Overriding a method in an extended class

Question

I have the following typings:

export class CallBuilder<T extends Record> {
    constructor(serverUrl: string)
    call(): Promise<CollectionPage<T>>;
    cursor(cursor: string): this;
    limit(limit: number): this;
    order(direction: 'asc' | 'desc'): this;
    stream(options?: { onmessage?: (record: T) => void, onerror?: (error: Error) => void }): () => void;
}

export interface CollectionPage<T extends Record> {
    records: T[];
    next: () => Promise<CollectionPage<T>>;
    prev: () => Promise<CollectionPage<T>>;
}

export interface Record {
    _links: {
        [key: string]: RecordLink
    };
}

And I want to override the call() method from CallBuilder in a different class to bassically have the same functionality, except for the call() return.

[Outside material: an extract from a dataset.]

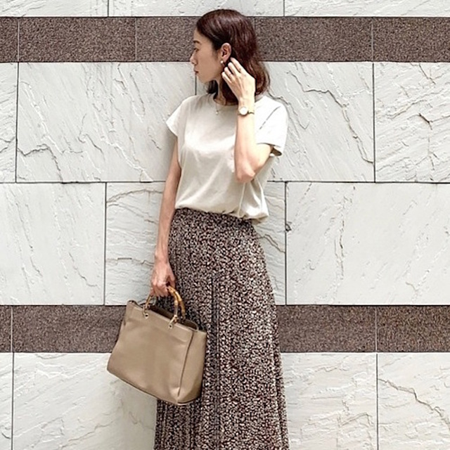 2025春夏のトレンドカラーでもあるオレンジは、なかなかハードル高め。そこでおすすめしたいのが、編集部みんなが声を揃えて「かわいい〜〜〜〜〜〜〜♡」と叫んだジャンプスーツです。大人にも着こなしやすい色味で肌なじみがいいため、実際に着てみた方がずっと好印象。インナーにはカップつきでバストがきれいに見えるエアリズムのTシャツをチョイスしました。ピンク×ライトオレンジコーデにブラウン小物を加えると、トータルでのまとまり感もアップします。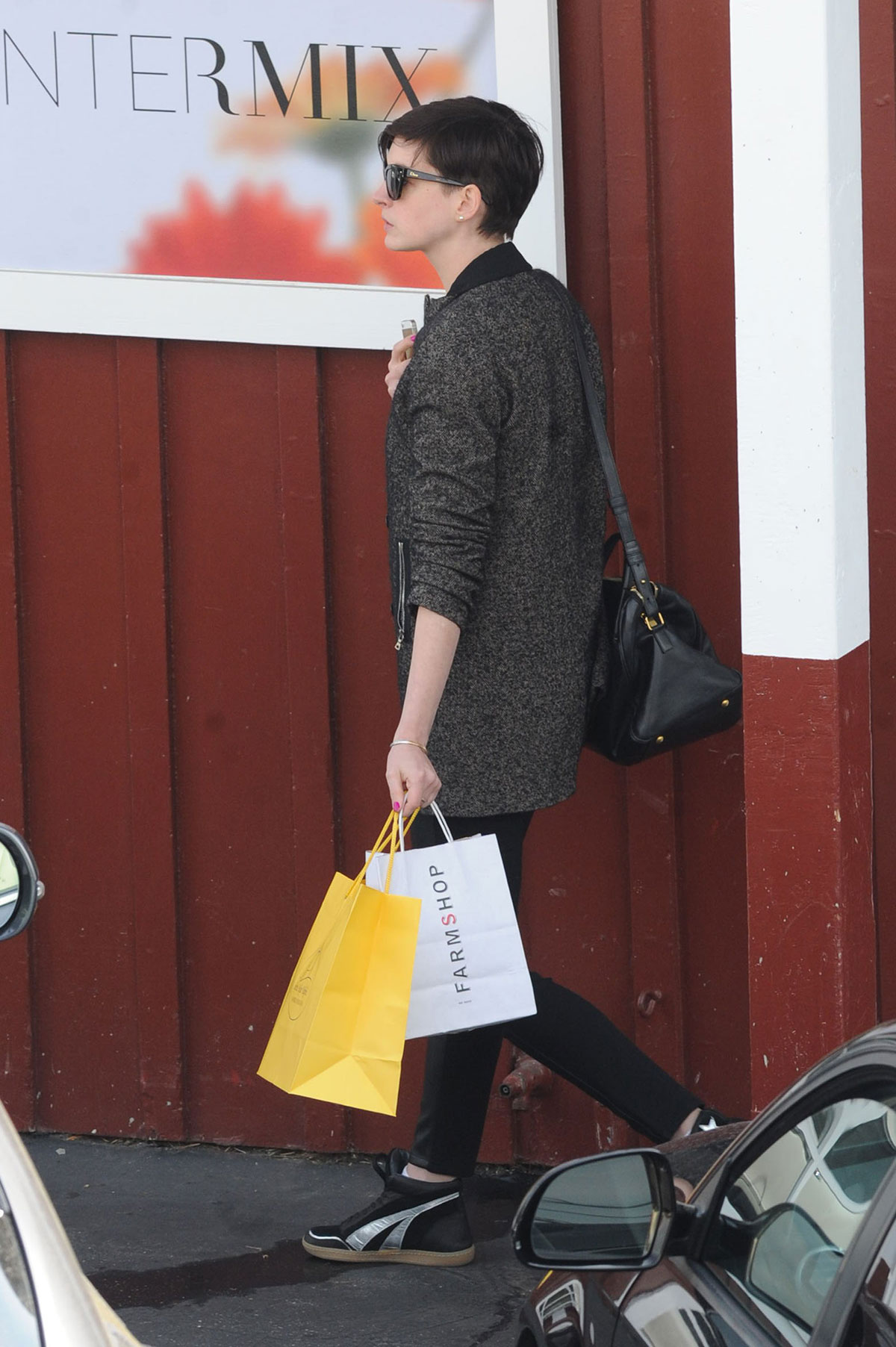 Anne Hathaway shops and lunches at the Brentwood Country Mart

export class PagedCallBuilder<T extends Record> extends CallBuilder<T> {
    call(): Promise<T>;
}

The call() line is giving the following error:

Property 'call' in type 'PagedCallBuilder' is not assignable to the same property in base type 'CallBuilder'. Type '() => Promise' is not assignable to type '() => Promise>'. Type 'Promise' is not assignable to type 'Promise>'. Type 'T' is not assignable to type 'CollectionPage'. Type 'Record' is not assignable to type 'CollectionPage'. Property 'records' is missing in type 'Record'.

How should I do this?

Answer 1

The point of subclassing is that an object of the subclass is compatible with the interface of the superclass, so you can't change method return types arbitrarily. Instead, consider writing a common superclass that has all the functionality except the call method and writing two separate subclasses that each define the call method with a different return type.